*WHAT NEEDS TO BE DONE:*
Skip every picture, and copy exactly the lines from the one containing "在学生交流会上,谢竑以三个问" to the end of the data.

[Start of Attachment]

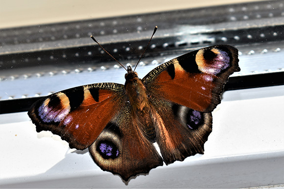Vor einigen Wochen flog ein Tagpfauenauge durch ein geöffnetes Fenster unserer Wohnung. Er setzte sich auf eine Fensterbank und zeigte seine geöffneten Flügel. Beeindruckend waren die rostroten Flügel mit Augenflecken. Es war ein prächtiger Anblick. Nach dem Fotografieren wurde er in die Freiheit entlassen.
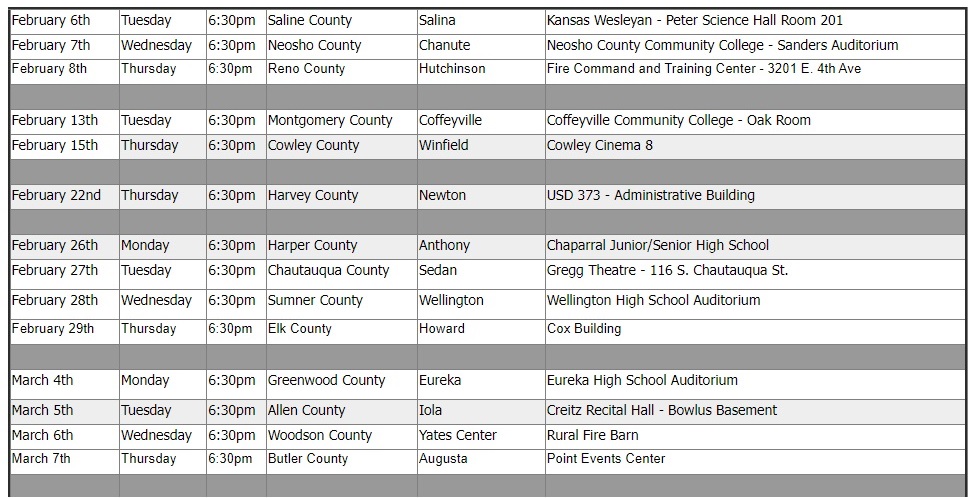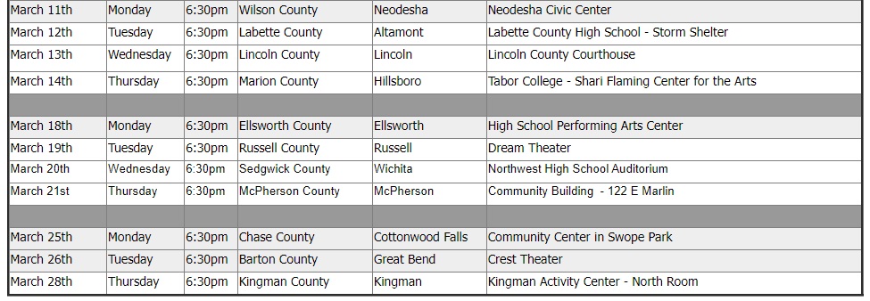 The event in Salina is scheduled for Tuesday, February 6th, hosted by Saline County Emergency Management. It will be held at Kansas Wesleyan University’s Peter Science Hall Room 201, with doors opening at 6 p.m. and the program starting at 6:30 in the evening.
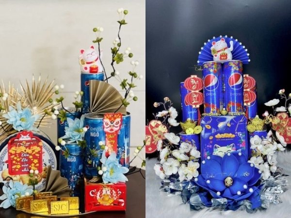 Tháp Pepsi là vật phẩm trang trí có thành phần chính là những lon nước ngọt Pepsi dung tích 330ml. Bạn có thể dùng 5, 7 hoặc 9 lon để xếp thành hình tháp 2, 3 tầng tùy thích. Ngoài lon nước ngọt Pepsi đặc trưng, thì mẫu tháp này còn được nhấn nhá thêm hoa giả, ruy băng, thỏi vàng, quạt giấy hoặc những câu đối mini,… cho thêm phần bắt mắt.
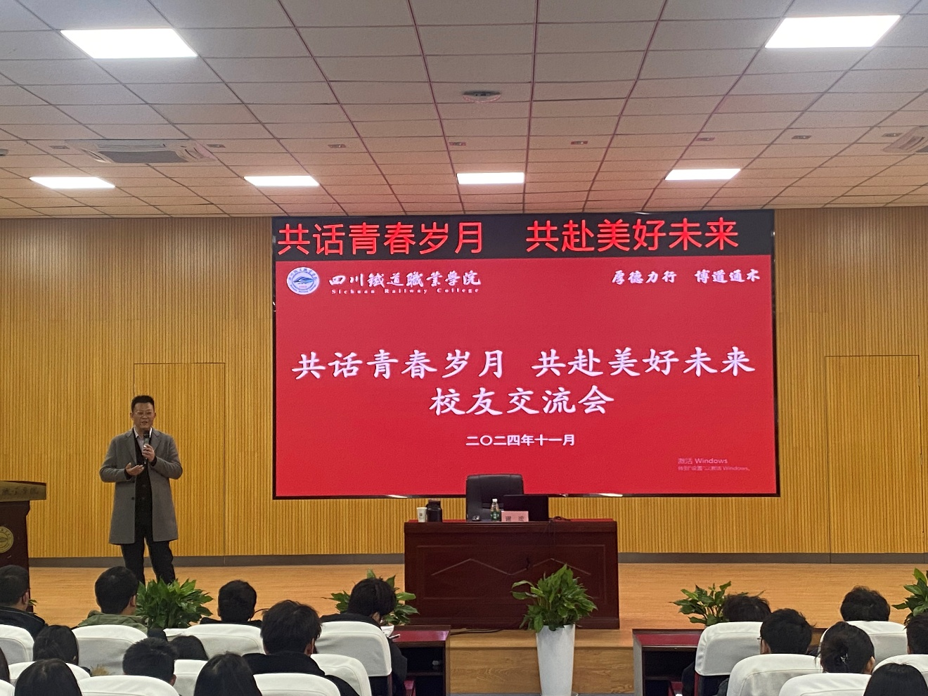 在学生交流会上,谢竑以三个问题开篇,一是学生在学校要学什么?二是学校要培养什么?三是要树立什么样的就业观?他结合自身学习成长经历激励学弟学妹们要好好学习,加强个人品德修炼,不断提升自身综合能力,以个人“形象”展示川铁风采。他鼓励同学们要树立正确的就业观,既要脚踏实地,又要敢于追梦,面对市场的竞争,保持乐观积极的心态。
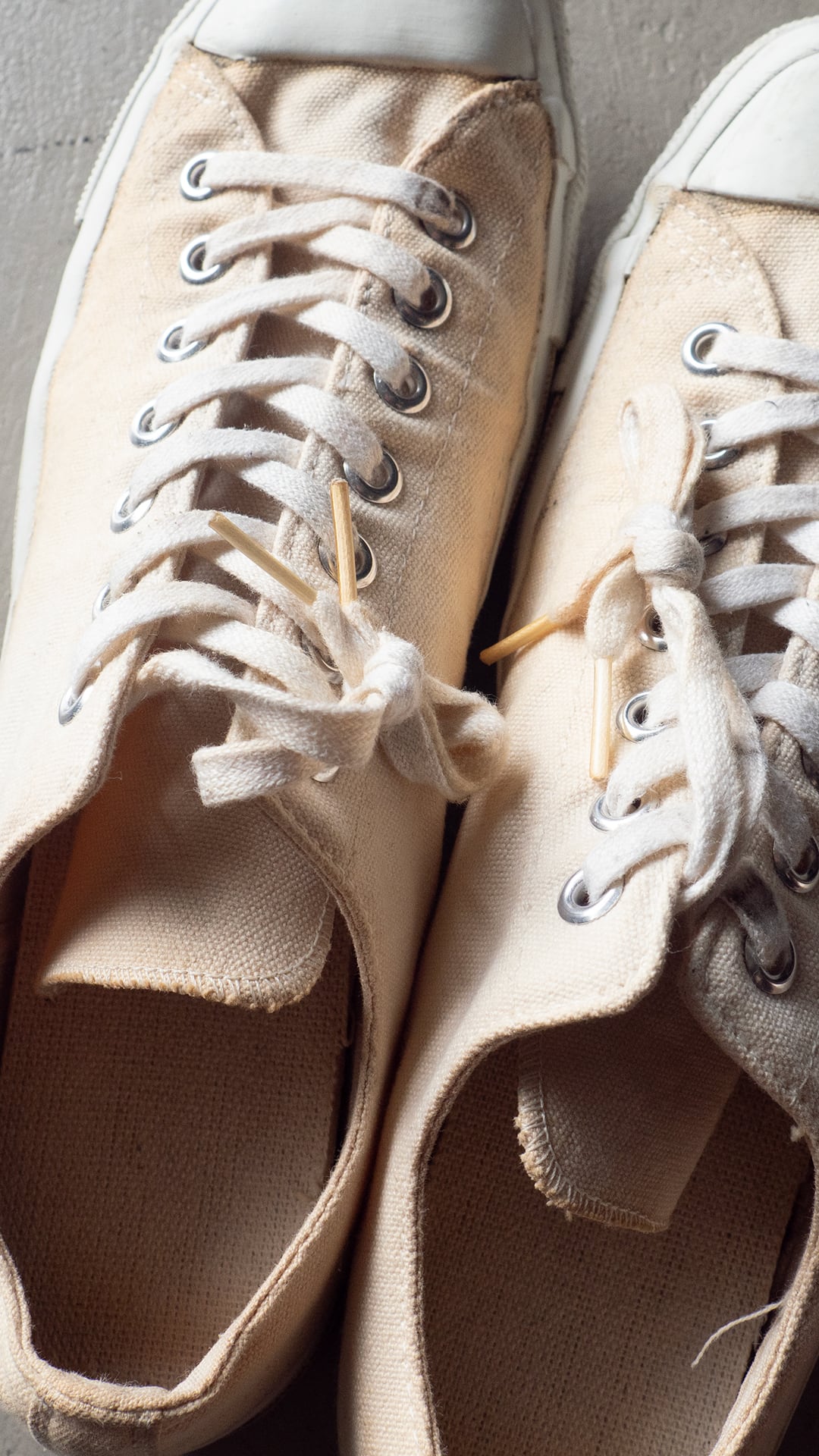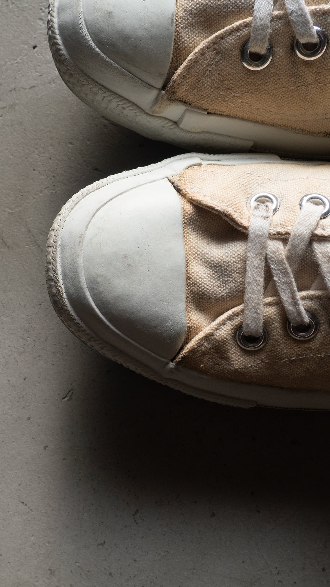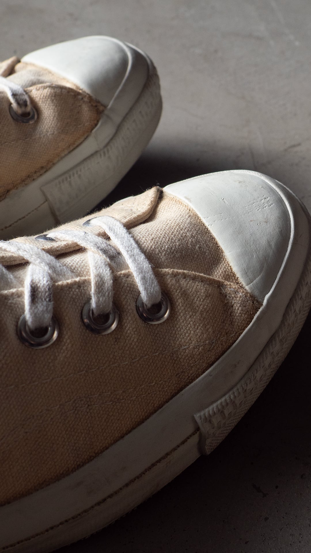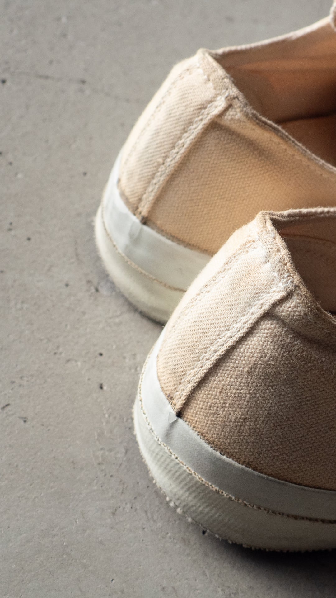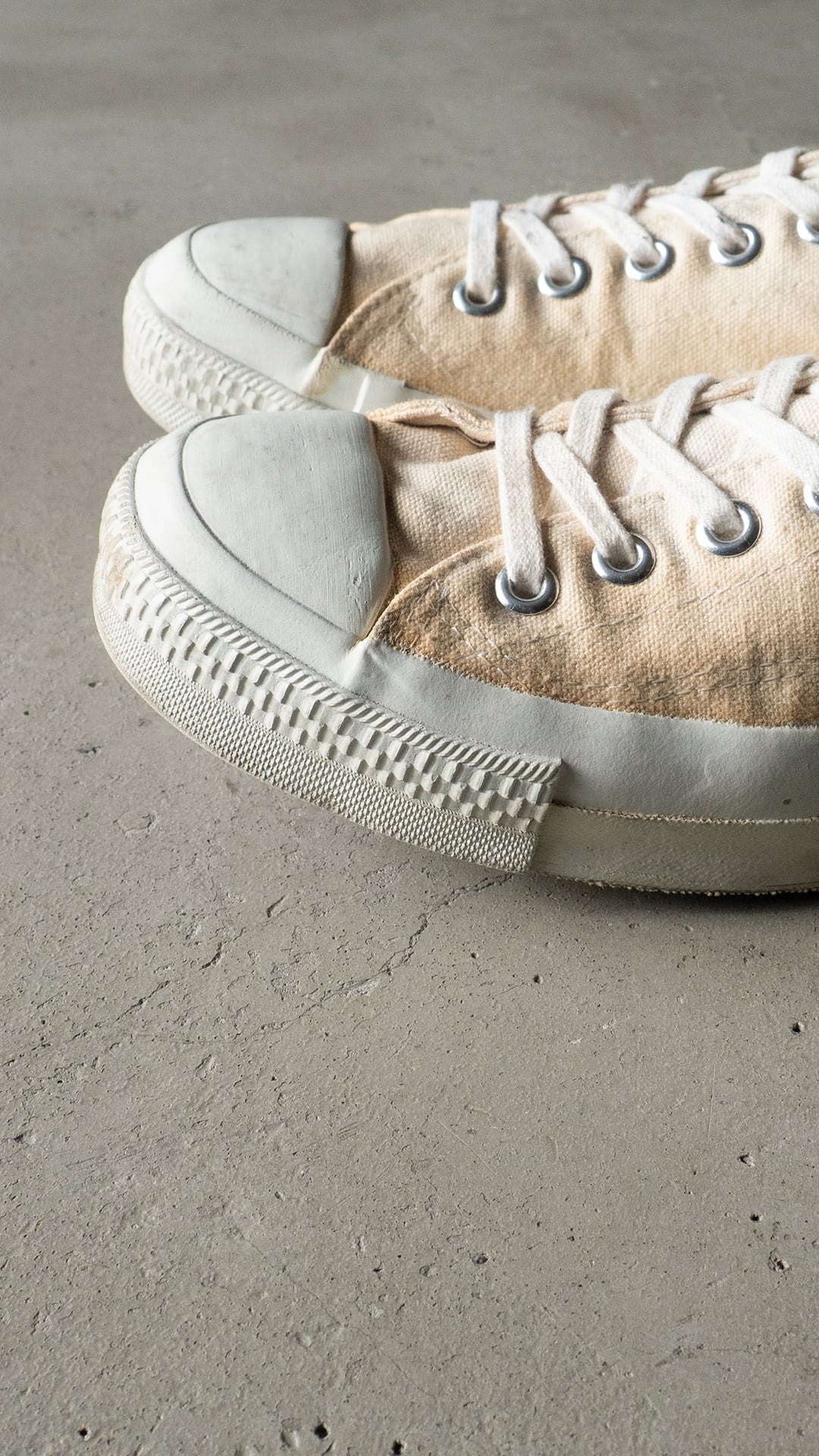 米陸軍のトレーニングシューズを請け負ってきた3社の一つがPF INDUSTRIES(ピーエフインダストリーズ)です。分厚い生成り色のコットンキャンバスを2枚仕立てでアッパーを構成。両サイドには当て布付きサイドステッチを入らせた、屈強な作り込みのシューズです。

[End of Attachment]

*FINAL ANSWER:*
 在学生交流会上,谢竑以三个问题开篇,一是学生在学校要学什么?二是学校要培养什么?三是要树立什么样的就业观?他结合自身学习成长经历激励学弟学妹们要好好学习,加强个人品德修炼,不断提升自身综合能力,以个人“形象”展示川铁风采。他鼓励同学们要树立正确的就业观,既要脚踏实地,又要敢于追梦,面对市场的竞争,保持乐观积极的心态。
 米陸軍のトレーニングシューズを請け負ってきた3社の一つがPF INDUSTRIES(ピーエフインダストリーズ)です。分厚い生成り色のコットンキャンバスを2枚仕立てでアッパーを構成。両サイドには当て布付きサイドステッチを入らせた、屈強な作り込みのシューズです。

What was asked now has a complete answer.